• EXTRACTED ENTRIES:
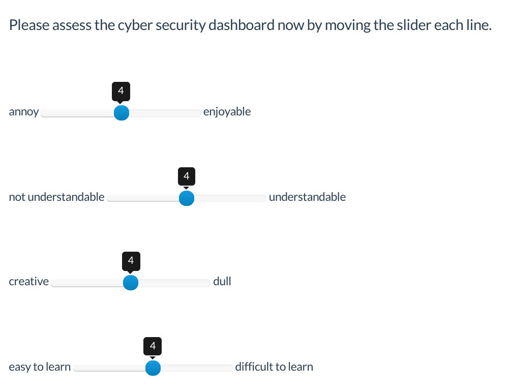 So '|unerfreulich|erfreulich' as sub-question-text should lead to the first slider in the screenshot, when the separator is set to '|' Feel free to use my survey to see how the HTML looked generated: https://limesurvey205.phynformatik.de/index.php/287186/lang-de-informal (Just use any numerical value for the first question) |
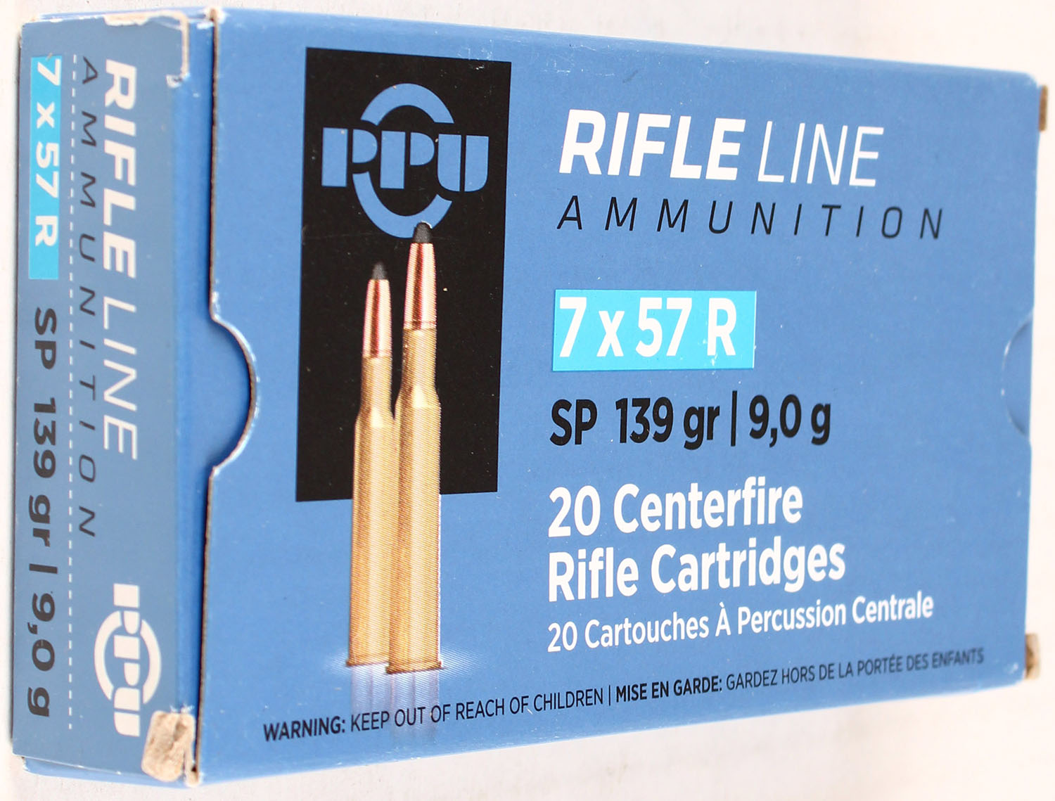 PPU, Rifle Line, 7x57R, 139 Grain SP, Full, 1pc., Multi-colored box, box is solid with great color, Ammo is excellent. Grade: Excellent ++ - Value: 20 to 80
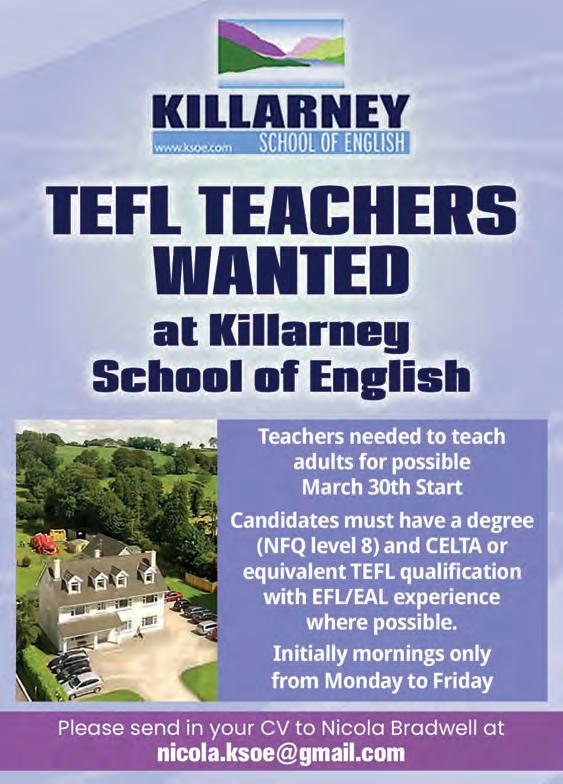 KILCUMMIN COMMUNITY CARE: Kilcummin Community Care are holding their A.G.M. on the 24th March at 7.30 in the Rural Development Office. We offer a valuable community service that enables senior citizens to get together once a week (every Tuesday from 11am-2pm in the G.A.A. club) for tea, chat, games and music. We offer transportation, a cooked lunch, activities, music and invited guest speakers. If you or anyone that you know in the community wish to attend, please contact Mary Doyle on 086 1550803 for more information. Our A.G.M. is open to everybody, if you are interested in volun-
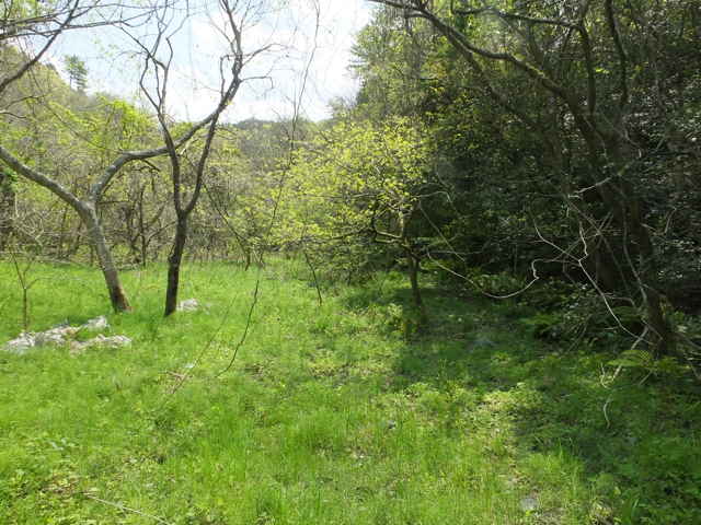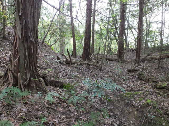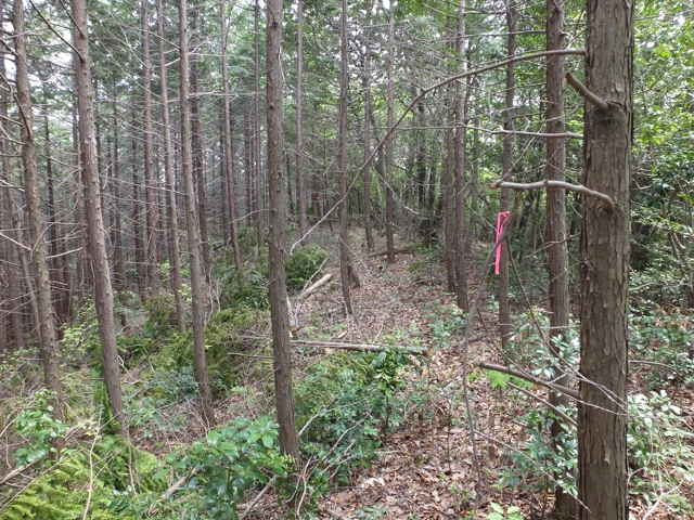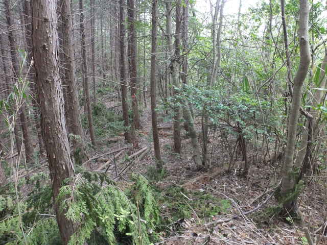 | 西忌部町 12:23 谷の左に径がある。 | 12:27 谷の奥から左の山へ入る。 | 12:29 植林地に踏み跡は見えない。 |
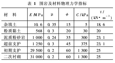 根据隧道临近地质勘探XR15钻孔地质分层、各层地层勘探统计物性指标,计算所采用的地层和结构物理力学参数具体如表1所示。楼房附加荷载根据最不利情况,框架结构的办公楼按每层16 kPa考虑,均布于楼房基础上方。
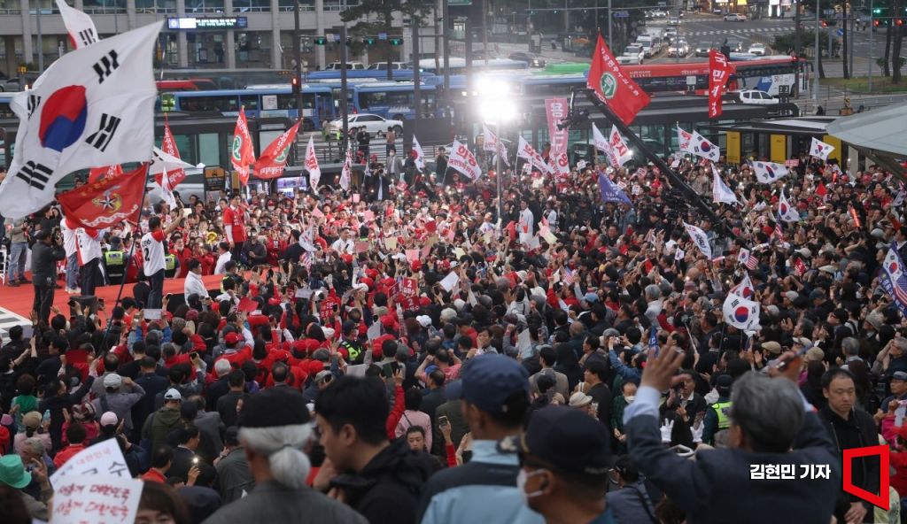 김문수 국민의힘 대선 후보가 19일 서울역 광장에서 열린 '쏘울을 새롭게' 집중 유세에서 시민들에게 지지를 호소하고 있다.

• EXERCISE OBJECTIVE:
Set down the full listing above with its wording unchanged. Leave out its images.

• PROBLEM SOLUTION:
 So '|unerfreulich|erfreulich' as sub-question-text should lead to the first slider in the screenshot, when the separator is set to '|' Feel free to use my survey to see how the HTML looked generated: https://limesurvey205.phynformatik.de/index.php/287186/lang-de-informal (Just use any numerical value for the first question) |
 PPU, Rifle Line, 7x57R, 139 Grain SP, Full, 1pc., Multi-colored box, box is solid with great color, Ammo is excellent. Grade: Excellent ++ - Value: 20 to 80
 KILCUMMIN COMMUNITY CARE: Kilcummin Community Care are holding their A.G.M. on the 24th March at 7.30 in the Rural Development Office. We offer a valuable community service that enables senior citizens to get together once a week (every Tuesday from 11am-2pm in the G.A.A. club) for tea, chat, games and music. We offer transportation, a cooked lunch, activities, music and invited guest speakers. If you or anyone that you know in the community wish to attend, please contact Mary Doyle on 086 1550803 for more information. Our A.G.M. is open to everybody, if you are interested in volun-
 | 西忌部町 12:23 谷の左に径がある。 | 12:27 谷の奥から左の山へ入る。 | 12:29 植林地に踏み跡は見えない。 |
 根据隧道临近地质勘探XR15钻孔地质分层、各层地层勘探统计物性指标,计算所采用的地层和结构物理力学参数具体如表1所示。楼房附加荷载根据最不利情况,框架结构的办公楼按每层16 kPa考虑,均布于楼房基础上方。
 김문수 국민의힘 대선 후보가 19일 서울역 광장에서 열린 '쏘울을 새롭게' 집중 유세에서 시민들에게 지지를 호소하고 있다.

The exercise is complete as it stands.